Clinical Trial Details
— Status: Not yet recruiting
Administrative data
NCT number |
NCT05340101 |
Other study ID # |
77082166 |
Secondary ID |
|
Status |
Not yet recruiting |
Phase |
N/A
|
First received |
|
Last updated |
|
Start date |
April 15, 2022 |
Est. completion date |
September 15, 2022 |
Study information
Verified date |
April 2022 |
Source |
Gazi University |
Contact |
Sidika PELIT AKSU, PhD |
Phone |
+905069583180 |
Email |
sidikapelit[@]hotmail.com |
Is FDA regulated |
No |
Health authority |
|
Study type |
Interventional
|
Clinical Trial Summary
In this study, it was aimed to evaluate the effect of progressive muscle relaxation exercise
on dysmenorrhea, menstrual symptoms and quality of life in university students with common
primary dysmenorrhea. The research is a single center, parallel group block randomized
controlled experimental study. This study will be conducted in the Department of Nursing,
Faculty of Health Sciences, of a state university in Turkey. The universe of the research
will be Gazi University Faculty of Health Sciences, third year and last year nursing students
(N: 451). In order to determine the sample size in the research, power analysis was performed
using the G Power 3.1.0 program. For this purpose, the study results of Sis Çelik and Ejder
Apay (2021), which were similar to our study, were taken as reference. According to the power
analysis made by calculating the effect size; It was determined that the sample of the study
should consist of a total of 42 people, 21 in each group, will be randomized.
The data of the research; Personal information form will be collected using Visual Analogue
Scale (VAS), SF-12 Quality of Life Scale Short Form, Menstrual Symptom Scale, Dysmenorrhea
Monitoring Form. The implementation of the research is planned between April 15, 2022 and
August 15, 2022. Third and fourth year nursing students will be included in the study. First
of all, it will be evaluated according to the sampling inclusion criteria using the
pre-evaluation form. Women who meet the inclusion criteria will be informed about the purpose
and importance of the research, and women who agree to participate in the study will be
determined. Informed consent form will be signed by the women who accepted to participate in
the study, Visual Analogue Scale, Menstrual Symptom Scale and SF 12 Short Form will be
applied. Randomization will be done after obtaining consent and filling out the forms.
Description:
Non-pharmacological methods include body therapies, mind-body based therapies, Chinese herbal
medicine and vitamin mineral supplements. In particular, physical exercises, acupuncture,
aromatherapy, Chinese herbal medicine and yoga are non-pharmacological methods frequently
used in the management of dysmenorrhea. Progressive muscle relaxation exercise (PMRE), one of
the mind-body based therapies, is frequently used in pain management, but there are limited
studies on its effect on primary dysmenorrhea.

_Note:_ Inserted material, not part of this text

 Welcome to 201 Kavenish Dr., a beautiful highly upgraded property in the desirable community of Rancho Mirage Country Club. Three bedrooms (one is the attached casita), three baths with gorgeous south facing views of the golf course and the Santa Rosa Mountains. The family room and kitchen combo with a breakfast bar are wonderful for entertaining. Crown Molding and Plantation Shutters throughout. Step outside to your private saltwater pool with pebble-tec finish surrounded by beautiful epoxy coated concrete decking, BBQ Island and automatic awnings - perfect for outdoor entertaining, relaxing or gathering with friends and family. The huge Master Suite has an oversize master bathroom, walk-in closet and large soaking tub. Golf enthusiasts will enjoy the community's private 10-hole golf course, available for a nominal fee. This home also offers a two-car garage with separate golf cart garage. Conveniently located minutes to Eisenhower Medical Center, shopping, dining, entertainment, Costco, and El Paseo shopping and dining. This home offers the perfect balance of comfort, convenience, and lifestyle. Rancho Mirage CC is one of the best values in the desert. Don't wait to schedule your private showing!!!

Progressive muscle relaxation exercise focuses
on recognizing muscle tension and then reducing this tension. Studies conducted in different
populations have found that progressive muscle relaxation exercise reduces pain and improves
quality of life.
There is insufficient evidence for the effect of progressive muscle relaxation exercises in
the management of primary dysmenorrhea. Therefore, in this study, it was aimed to evaluate
the effect of progressive muscle relaxation exercise on dysmenorrhea, menstrual symptoms and
quality of life in university students with common primary dysmenorrhea.

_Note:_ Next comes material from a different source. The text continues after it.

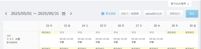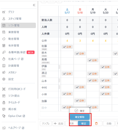 シフトデータの連携は、oplusにて「確定」を行ったシフトが対象となります。

METHOD Type of Research The research is a single center, parallel group block randomized
controlled experimental study.
Location and Characteristics of the Research This study will be conducted in the Department
of Nursing, Faculty of Health Sciences, of a state university in Turkey.
Population and Sample of the Research The universe of the research will be Gazi University
Faculty of Health Sciences, third year and last year nursing students (N: 451). In order to
determine the sample size in the research, power analysis was performed using the G Power
3.1.0 program. For this purpose, the study results of Sis Çelik and Ejder Apay (2021), which
were similar to our study, were taken as reference. According to the power analysis made by
calculating the effect size; It was determined that the sample of the study should consist of
a total of 24 participants, 12 in the intervention group and 12 in the control group (α=0.05,
1-β =0.99, Effect size d= 1.9111974, tail(s)=two). Considering the drop out rate of the study
as 36%, a total of 42 people, 21 in each group, will be randomized.
Inclusion criteria for the study;
- Having primary dysmenorrhea,
- Being Nulligravida,
- Having a history of regular menstrual cycles in the last six months (cycle duration
21-35 days),
- Not using hormonal contraceptives,
- A score of 5 or more on the visual analog scale (VAS).
- Not to have metabolic disease, cancer, heart disease and diabetes, diagnosed psychiatric
disease, and not using antidepressant medication that would prevent him from performing
PCGE.
- Not doing any other body-mind based practice
- Using a smartphone
- Not having any communication problems (mental, auditory, visual, etc.)
- To be willing to participate in the study. Exclusion criteria,
- Use of complementary therapies, anti-inflammatory therapy, antidepressants or
anxiolytics during the study
- Occurrence of menstrual cycle irregularity
- Performing PKGE 3 times a week or less in a row Validity-Reliability Selection criteria
have been determined to prevent selection bias. Inclusion criteria for the study; Having
primary dysmonaea, being nulligravida, having a history of regular menstrual cycles in
the last six months (cycle duration 21-35 days), not using hormonal contraceptives,
having a score of 5 or more on the visual analog scale (VAS) Metabolic disease that will
prevent performing PCI, Not having cancer, heart disease and diabetes, not having a
diagnosed psychiatric disease and not using antidepressant drugs, not using
anti-inflammatory drugs, not using any other body-mind based application, using a smart
phone, having any communication problems (mental, auditory, visual, etc.) .) and
volunteering to participate in the study. Block randomization will be used for
randomization. Permutation series and assignment list to be used for group assignments
will be created in computer environment (www.randomizer.org).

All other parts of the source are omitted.